**DIRECTIONS**.
Go through the listing below and output exactly the line with "25 желтых роз в черной шляпной коробке", the line with "1. Desenrosque la", and each line between; omit the rest.

**PROVIDED MATERIAL**.

----------

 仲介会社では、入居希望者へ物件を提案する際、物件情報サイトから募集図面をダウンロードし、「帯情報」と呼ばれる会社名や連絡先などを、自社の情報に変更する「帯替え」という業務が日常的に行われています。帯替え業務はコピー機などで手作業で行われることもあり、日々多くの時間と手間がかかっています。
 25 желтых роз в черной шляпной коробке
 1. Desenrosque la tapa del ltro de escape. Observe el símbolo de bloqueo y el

----------

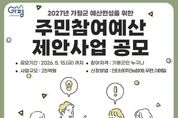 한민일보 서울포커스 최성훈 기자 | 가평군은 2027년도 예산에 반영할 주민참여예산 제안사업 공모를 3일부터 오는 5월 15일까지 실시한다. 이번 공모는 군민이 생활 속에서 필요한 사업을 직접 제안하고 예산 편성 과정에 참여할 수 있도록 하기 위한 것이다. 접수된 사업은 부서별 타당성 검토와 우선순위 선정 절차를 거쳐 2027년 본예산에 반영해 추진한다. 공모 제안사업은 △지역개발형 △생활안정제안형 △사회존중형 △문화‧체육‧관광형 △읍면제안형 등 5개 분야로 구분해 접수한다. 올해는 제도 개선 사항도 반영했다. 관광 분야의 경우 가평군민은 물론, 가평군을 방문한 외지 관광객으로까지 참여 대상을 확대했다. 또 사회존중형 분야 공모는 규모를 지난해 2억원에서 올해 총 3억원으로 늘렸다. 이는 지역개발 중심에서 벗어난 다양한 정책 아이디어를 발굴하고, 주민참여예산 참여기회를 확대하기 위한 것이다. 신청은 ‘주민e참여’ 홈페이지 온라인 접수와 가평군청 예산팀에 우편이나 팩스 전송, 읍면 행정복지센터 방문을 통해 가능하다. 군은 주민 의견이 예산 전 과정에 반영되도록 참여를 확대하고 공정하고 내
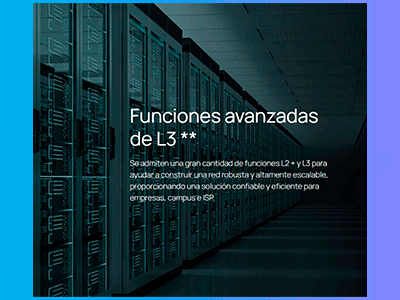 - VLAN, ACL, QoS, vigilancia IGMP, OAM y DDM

----------

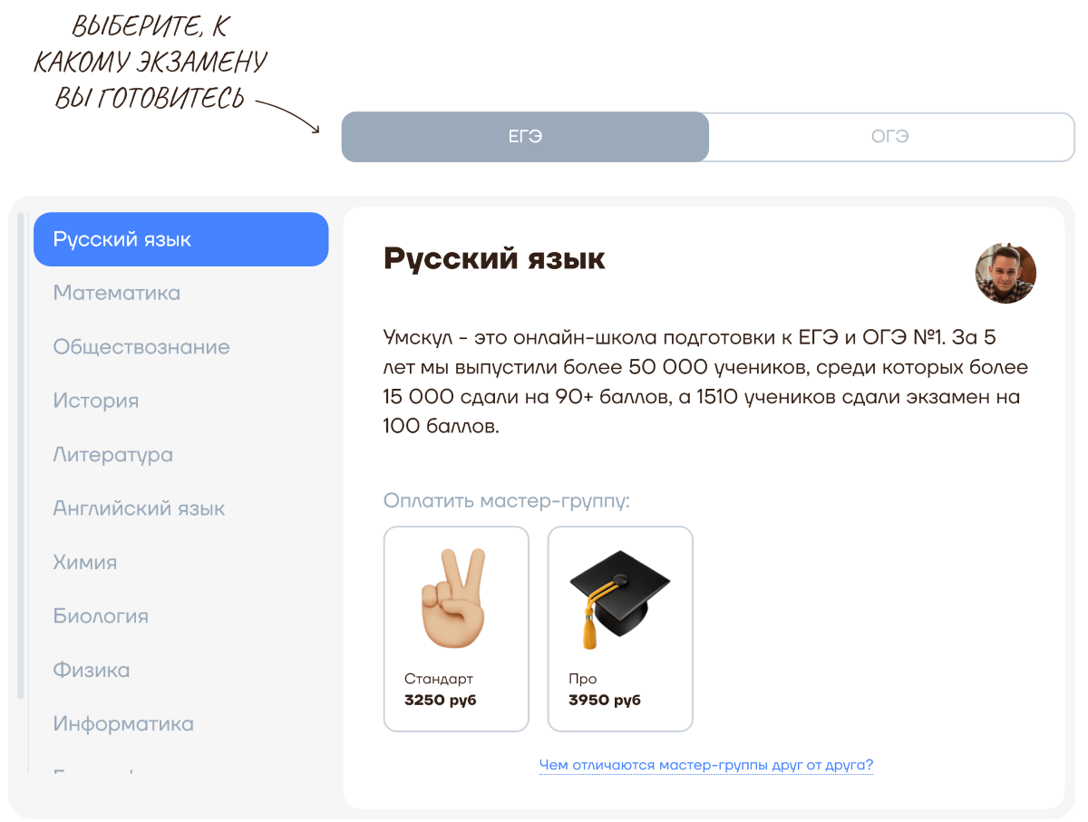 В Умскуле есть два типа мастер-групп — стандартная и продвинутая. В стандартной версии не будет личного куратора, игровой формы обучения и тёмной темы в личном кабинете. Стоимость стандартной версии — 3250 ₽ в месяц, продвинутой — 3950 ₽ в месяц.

----------

**EXERCISE RESULT**.
 25 желтых роз в черной шляпной коробке
 1. Desenrosque la tapa del ltro de escape. Observe el símbolo de bloqueo y el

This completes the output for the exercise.